A white flash and someone pulls the ground from under me. I go down hard on my arse, my forehead crackling with pain, my mouth hanging open like the stupid bastard I am. I fumble for the side of the car, try to pull myself up, but my head spins too fast. Dizzy as fuck, I can't quite make it. Mo plants a boot in my stomach and I keel forward onto my hands and knees. Before I know it, my gut clenches hard and I spew on the road. Talk about deja vu.

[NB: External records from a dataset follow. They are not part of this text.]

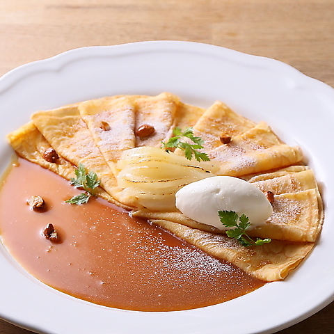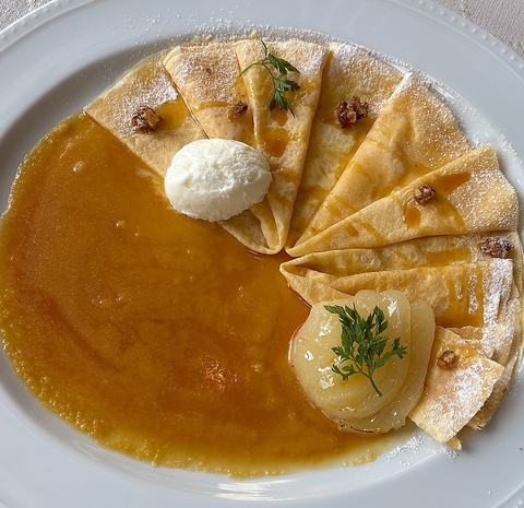 とろ~りキャラメルソースと、旬のフルーツを贅沢に包み込んだ一品。季節ごとに変わる果実の味わいをお楽しみください。夏季はマンゴー・パイン・バナナのどれかになります。冬季は洋梨とバナナになります。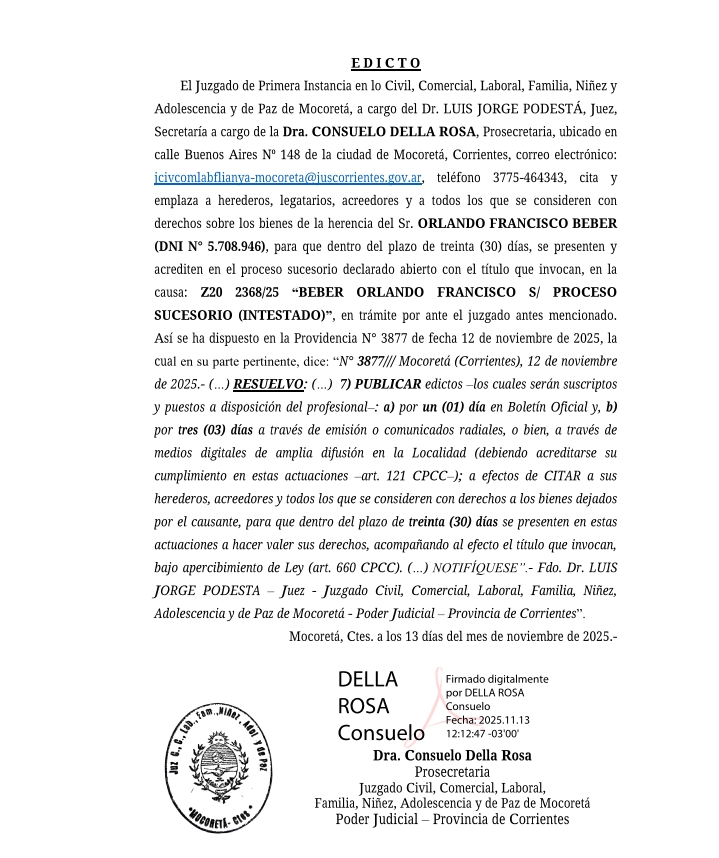 El Juzgado de Primera Instancia en lo Civil, Comercial, Laboral, Familia, Niñez y Adolescencia y de Paz de Mocoretá, a cargo del Dr. LUIS JORGE PODESTA, Juez, Secretaría a cargo de la Dra. CONSUELO DELLA ROSA, Prosecretaria, ubicado en calle Buenos Aires Nº 148 de la ciudad de Mocoretá, Corrientes, correo electrónico: icivcomlabflianya-mocoreta@juscorrientes.gov.ar, teléfono 3775-464343, cita y emplaza a herederos, legatarios, acreedores y a todos los que se consideren con derechos sobre los bienes de la herencia del Sr. ORLANDO FRANCISCO BEBER (DNI N° 5.708.946), para que dentro del plazo de treinta (30) días, se presenten y acrediten en el proceso sucesorio declarado abierto con el título que invocan, en la causa: Z20 2368/25 «BEBER ORLANDO FRANCISCO S/ PROCESO SUCESORIO (INTESTADO)», en trámite por ante el juzgado antes mencionado. Así se ha dispuesto en la Providencia N° 3877 de fecha 12 de noviembre de 2025, la cual en su parte pertinente, dice: «N° 3877/// Mocoretá (Corrientes), 12 de noviembre de 2025.- (…) RESUELVO: (…) 7) PUBLICAR edictos-los cuales serán suscriptos y puestos a disposición del profesional: a) por un (01) día en Boletín Oficial y, b) por tres (03) días a través de emisión o comunicados radiales, o bien, a través de medios digitales de amplia difusión en la Localidad (debiendo acreditarse su cumplimiento en estas actuaciones art. 121 CPCC); a efectos de CITAR a sus herederos, acreedores y todos los que se consideren con derechos a los bienes dejados por el causante, para que dentro del plazo de treinta (30) días se presenten en estas actuaciones a hacer valer sus derechos, acompañando al efecto el título que invocan, bajo apercibimiento de Ley (art. 660 CPCC). (…) NOTIFIQUESE».- Fdo. Dr. LUIS JORGE PODESTA Juez Juzgado Civil, Comercial, Laboral, Familia, Niñez, Adolescencia y de Paz de Mocoretá – Poder Judicial – Provincia de Corrientes».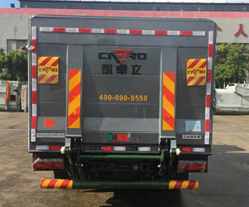 該車通過垃圾箱、起重尾板及液壓裝置,用于桶裝垃圾收集轉(zhuǎn)運(yùn)作業(yè)。尾板收起狀態(tài)的水平長度200mm。側(cè)防護(hù)材料Q235B,螺栓連接;車輛尾部裝有液壓尾板,帶有截面為直徑115mm的圓管,充當(dāng)后防護(hù)裝置,離地高度360mm。安裝具有衛(wèi)星定位功能的行駛記錄儀。隨底盤安裝的ABS系統(tǒng)生產(chǎn)廠家/型號:廣州瑞立科密汽車電子股份有限公司/CM4XL-4S/4M。該車電池種類/ 型號/生產(chǎn)企業(yè): 磷酸鐵鋰電池/DAL0H2/寧德時(shí)代新能源科技股份有限公司;驅(qū)動電機(jī)類型/型號/生產(chǎn)企業(yè):永磁同步電機(jī)/GC-TM750-06/蘇州綠控傳動科技有限公司,電機(jī)額定功率為75kW,峰值功率為120kW,電機(jī)控制器型號/生產(chǎn)企業(yè):GC-CU750-06/蘇州綠控傳動科技有限公司;整車控制器型號/生產(chǎn)企業(yè):EVCU/蘇州綠控傳動科技有限公司??稍谌珖N售。

'I owe you that one, Innes,' he says.
I try to blink through the tears, contain the throbbing in my gut long enough to make out what's going on. Across the street, a fat guy has Alison Tiernan by the wrist. She's in her nightie, barefoot and stumbling, screaming with the cracked voice of someone who's been dragged from her sleep. The fat guy hauls open the passenger door of a white Bedford and pushes her in. She kicks and swears, but once that door slams shut, she contents herself with spitting at the window.
'She had a bag packed,' says Mo.
I cough; it hurts. I spit the bad taste in my mouth at the tarmac.
'Stokes is inside,' he says.
It's difficult to focus, but Mo seems relaxed now he got the head butt out of his system. I pull myself to my feet and slump against the Micra, hold my head back to stem the blood from my nose. 'You found him,' I say.
'He were in there,' he says. 'They're dealing with him right now.'
My mouth doesn't work. It's like I'm drunk again, and it's not a good buzz. Rob can't have been that bloody daft to go over to Alison's and warn her Mo was coming. He's not that thick, surely. For all his faults, I never took the guy to be suicidal.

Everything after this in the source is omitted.